An exposé by the New York Times published on Sunday, December 10, 2023 shows that gun buybacks are "fueling a secondary arms market." Flint, Michigan is used as an example in the article with Mayor Sheldon Neely stating, “Gun violence continues to cause enormous grief and trauma,” Neeley adds, “I will not allow our city government to profit from our community’s pain by reselling weapons that can be turned against Flint residents.”


But the article goes on to point out that, "Flint’s guns were not going to be melted down. Instead, they made their way to a private company that has collected millions of dollars taking firearms from police agencies, destroying a single piece of each weapon stamped with the serial number and selling the rest as nearly complete gun kits. Buyers online can easily replace what’s missing and reconstitute the weapon."

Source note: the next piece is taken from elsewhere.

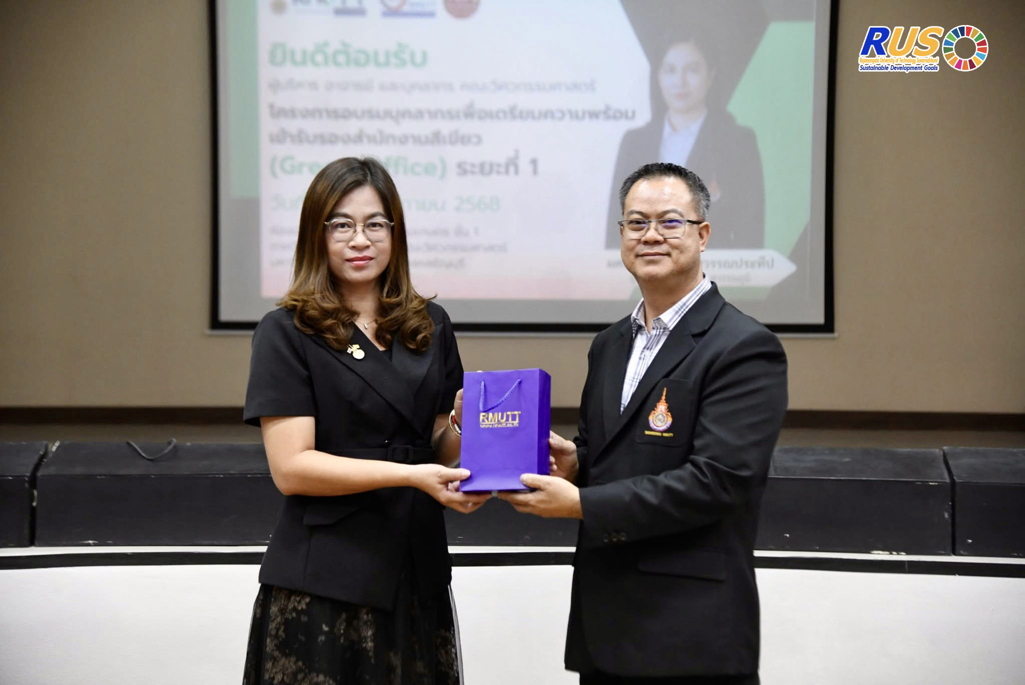 มหาวิทยาลัยเทคโนโลยีราชมงคลสุวรรณภูมิ เดินหน้าบทบาทพี่เลี้ยงด้านสิ่งแวดล้อม โดยมี ผู้ช่วยศาสตราจารย์ศศิกานต์ สุวรรณประทีป ผู้ช่วยอธิการบดี พร้อมทีมงานตรวจประเมิน ลงพื้นที่เป็นวิทยากรฝึกอบรมเชิงปฏิบัติการยกระดับมาตรฐาน “สำนักงานสีเขียว” (Green Office) ให้แก่คณะวิศวกรรมศาสตร์ มหาวิทยาลัยเทคโนโลยีราชมงคลธัญบุรี เพื่อเตรียมความพร้อมเข้ารับการรับรองอย่างเต็มรูปแบบ

Throughout the article, officials and gun safety advocates express shock and surprise at what the New York Times uncovered. The Rev. Chris Yaw, whose Episcopal church outside Detroit has sponsored buybacks with local officials, said in an interview that he was “aghast and appalled” when told by a reporter how the process works. Gun control groups, Everytown for Gun Safety and the Giffords Law Center, claim they had not realized that “destroyed” firearms were being sold in this way. In the article, Flint states, “The city was unaware that weapons were not being incinerated.”

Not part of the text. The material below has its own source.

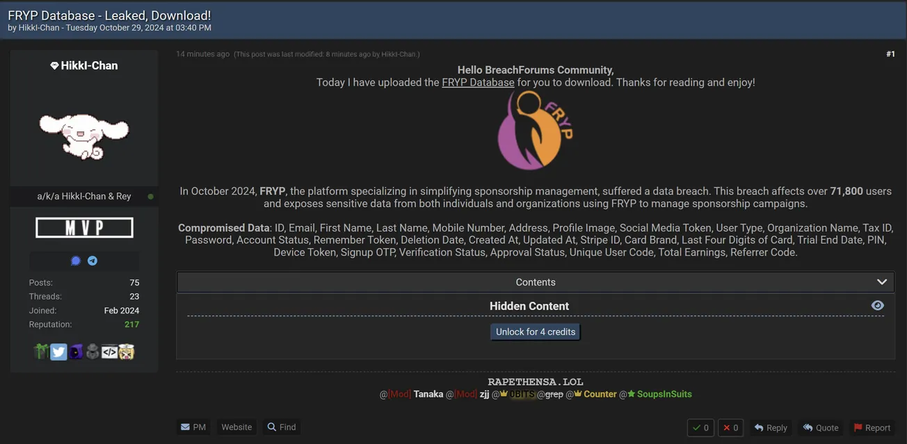 HikkI-Chan Has Allegedly Leaked the Database of FRYP

However, a follow-up article fact-checking the New York Times piece, interviewed GunBusters, one of the companies involved in recycling guns purchased at buybacks. GunBusters president Scott Reed says, "We disagree with a number of points in the [New York Times] story, with our main disagreement being that law enforcement agencies are unaware of what is happening with the firearms. The implication that agencies are being deceived about how the firearms are destroyed and how GunBusters is funded is patently false.”


The statement from Reed went on to say that when the company has an initial meeting with police departments, the police are offered a choice for any guns turned over to be completely pulverized, for a fee, or for only the frames to be destroyed, for free, with the remainder of the weapon “salvaged.” Not surprisingly, many police departments choose the free option knowing full well firearms components are resold.

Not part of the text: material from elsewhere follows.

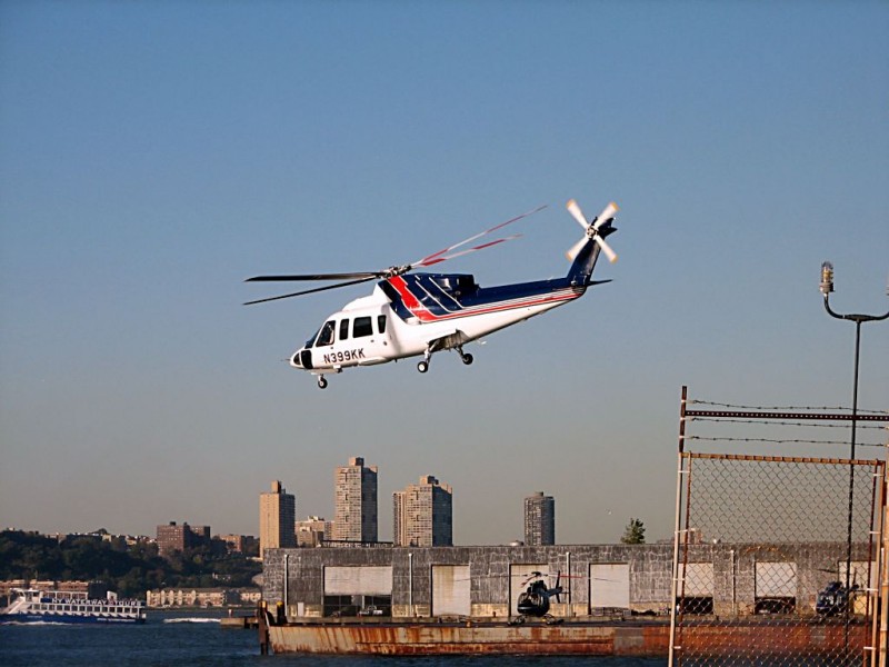 V jedno nedeľné popoludnie, som sa rozhodol navštíviť jeden heliport aj s fotoaparátom. Vzhľadom na polohu môjho hotela voľba padla na Midtown Heliport, alebo tiež West 30th St. Heliport. V to nedeľné, októbrové popoludnie bolo nábrežie plné cyklistov, korčuliarov, peších, ale aj štvornohých návštevníkov. Postavil som sa teda k plotu heliportu a plôtiku nábrežia a ostávalo len počkať. Prevádzka je tam naozaj veľmi, veľmi hustá, a tak každú chvíľku buď niečo štartovalo, alebo pristávalo. Heliport je rozdelený na tri časti. Jedna z ktorej operujú súkromné stroje a v jej blízkosti je parkovisko pre limuzíny pasažierov. Druhá časť slúži zákazníkom firiem poskytujúcich vyhliadkové lety a nakoniec tretia časť je časť technická, kde sa stroje plnia palivom a ďalej sú tam stojánky pre vrtuľníky.

Gun buybacks are a failed public policy tool. They take attention and resources away from other measures, such as increased community policing and community mental health, which are more effective at reducing suicides and violent crime. But unlike gun buybacks, those measures are administratively and politically more difficult to implement, especially in cities like Flint, Detroit, and Grand Rapids dominated by elected officials sympathetic to calls to "defund the police."

UPCOMING EVENTS


Outdoorama

Thursday-Sunday, February 22-25, 2024, Hours Vary by Day

Suburban Collection Showplace; 46100 Grand River Ave.; Novi, MI 48374

MCRGO's Booth Number is 5415.


Ultimate Sports Show

Thursday-Sunday, March 7-10, 2024, Hours Vary by Day

DeVos Place; 303 Monroe Ave. NW; Grand Rapids, MI 49503

MCRGO's Booth Number is 2067.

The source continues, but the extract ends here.